Vernissage & opening new gallery season with two solo exhibitions:
Manfred Peckl & Julia Schewalie
Soft opening (RSVP) Sunday, September 8: 16-18 uur.
Grand opening Saturday September 14: 15:00 – 19:30 uur (both artists present)
Performance Manfred Peckl September 14th at 16:00 hrs.
‘WORD!’ | solo Manfred Peckl (1968, Austria) lives and works in Berlin)
Manfred Peckl is an artist who works with many different methods and media. Equally known for his wild performances, his elaborate collages, his texts, music and sculptures or his play with identities, Peckl now surprises with his first cycle of paintings in 30 years!
WHAT?
ACID PORN JAZZ FUCK WOOD SHIT FACT HYMN
HOAX MOON SOLD NUDE CASH OBEY
SAND CLAY STOP SOUL POEM ECHO HYPE VIVA
OLD NEW GAY SEA HOW SEX POP WHY RED
NO ME HI WE
Manfred Peckl paints the world with words. The designation of classical art historical subjects such as NUDE for the nude, PORN or SEX for the sexual act, ME for the self-portrait, WE for a group picture or SEA for a scenery are juxtaposed with various other abstract and concrete terms such as STOP, FACT, JAZZ or FUCK that have become images of their own concepts. Pictures of their significance, the words, repeatedly painted transparent in multi-colored overlapping circles, at the same time release associations from the collective visual memory. We are confronted with the question of the designation and the designated. Repetition is a principle of memorizing and letting go in equal measure. Both lead to new insights, to new images. Their forms, each with specific internal orders, arise from the ambivalence of signs and interstices, the painted and the unpainted, the spoken and the unspoken. Read between the lines! It is a game with different levels. In some cases, the notion of the picture is only perceived partially at first.
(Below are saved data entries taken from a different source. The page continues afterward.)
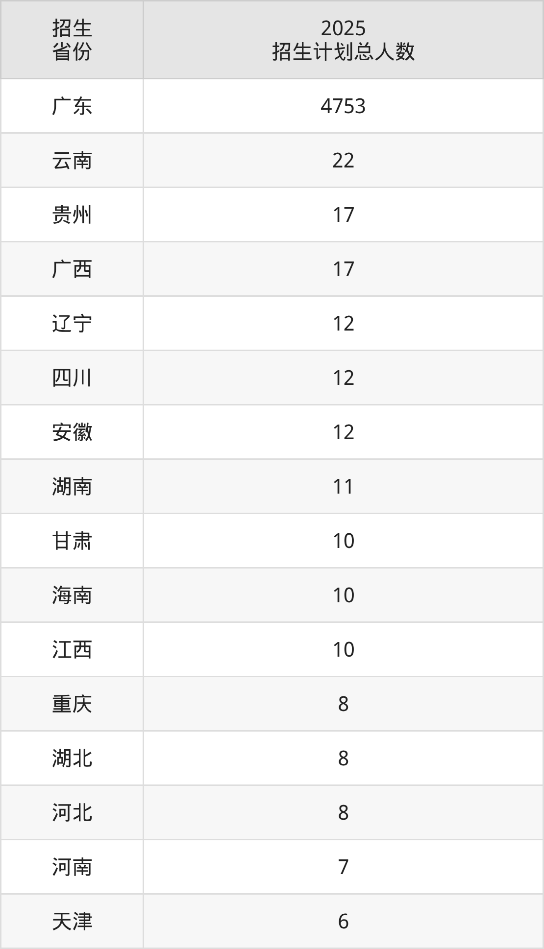2025年惠州学院面向全国18个省市开展本科招生;招生专业共40个,招生人数共4933人。2025年在广东省招生计划总人数是4753人,其中,惠州学院在广东省招生人数最多的是计算机类。惠州学院在各省具体招生人数情况如下表。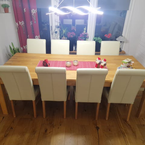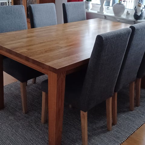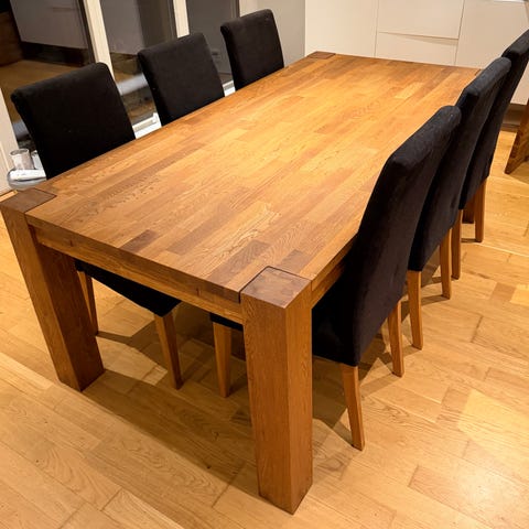 Säljer en fin matgrupp med fyra stolar i ek.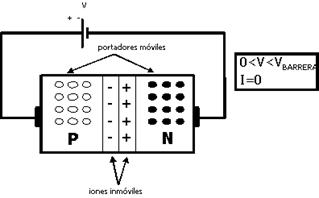 Diodo PN durante la aplicación de una tensión inferior a la de barrera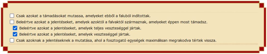 Ezzel a beállítással küldjük a fal rombolásokat. Így csak azokat mutatja ahol veszteségünk volt és gyorsabban kiszűrhetőek.

Only at second glance, for example, does ASH become CASH, HIT become SHIT or AND become SAND The reduction to four letters per word is based on the four sides of the square, the four corners, the four cardinal points and is manifested in the images through the motif of the cross. The pictures with three-letter words radiate in three directions per color, the pictures with two-letter words look in two directions per color. The words meander concentrically from rays to circles in squares. Speed, the impression of a rotating movement in many pictures, creates a kaleidoscope in the large ensemble.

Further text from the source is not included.